Dorothy’s excitement must have been tinged with apprehension as she waited to disembark. What was YS’ family like? When the aircraft doors opened, all emotion was smothered by a heat unlike anything she knew. “It was like a Turkish bath hitting me,” she later recalled. “I travelled wearing stockings, a grey worsted suit and gloves—appropriate for an English summer but ill-suited to the Tropics. I’m embarrassed, being a Geography teacher, that I had dressed so inappropriately.”

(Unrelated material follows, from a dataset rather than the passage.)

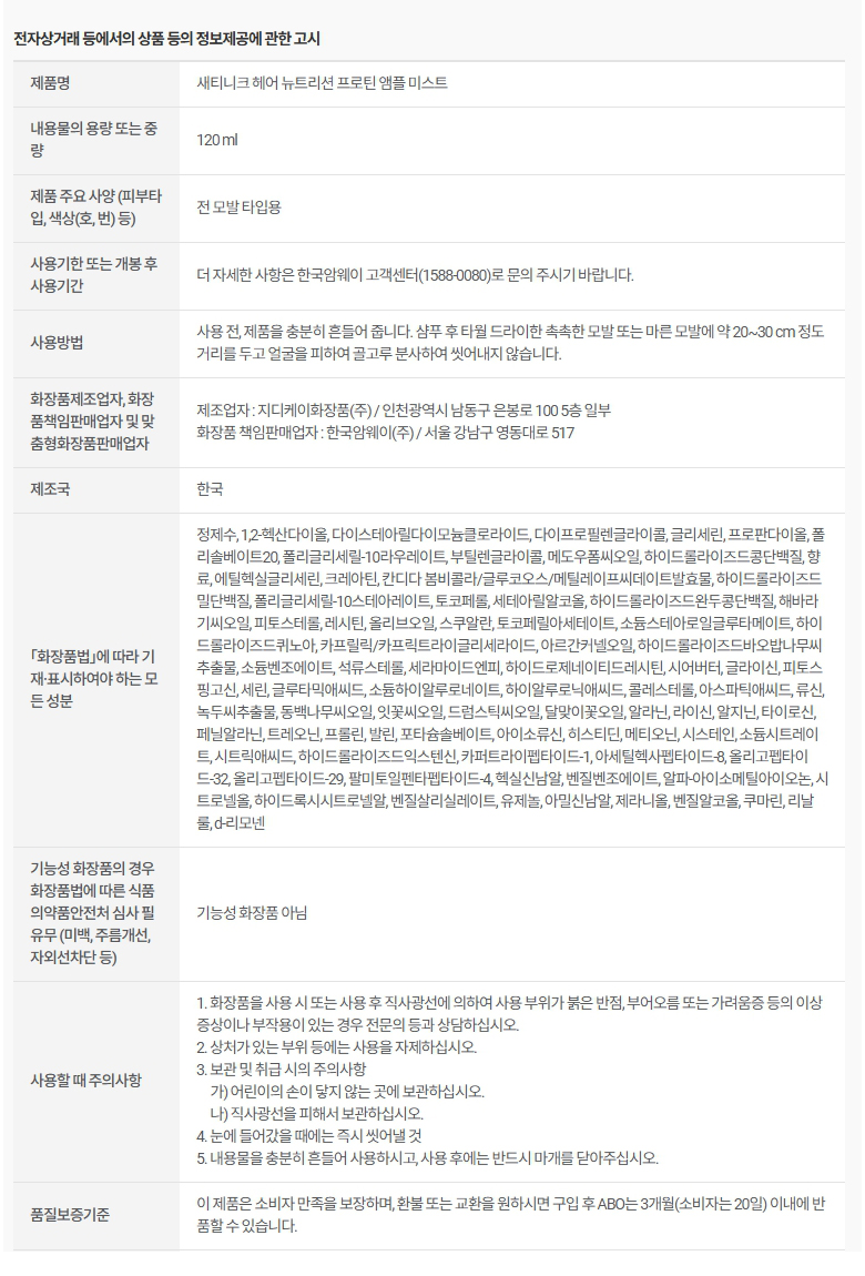암웨이 새티니크 헤어 뉴트리션 프로틴 앰플 미스트 120 ml

Her initial shock was quickly layered by another. From the top of the steps leading down from the aircraft, Dorothy saw a small crowd on the tarmac. She was relieved when YS appeared but startled when he steered her toward the crowd. How on earth am I going to walk down this line of people, she wondered. I’m so sticky and hot, I can feel the sweat running down the back of my neck. Down the line they went. She imagined the family thinking, This sweaty, red-faced person. Is this going to be the wife of Number One son? Dorothy was struck that the family were not overtly elated by the prospect of an English daughter-in-law—"It was a rude shock to discover that they were cautious.”
From the airport they drove to the large family house, teeming with people, on Perak Road. An only child from Derbyshire, Dorothy had lost her father when she was twelve. YS was one of six children and the oldest son.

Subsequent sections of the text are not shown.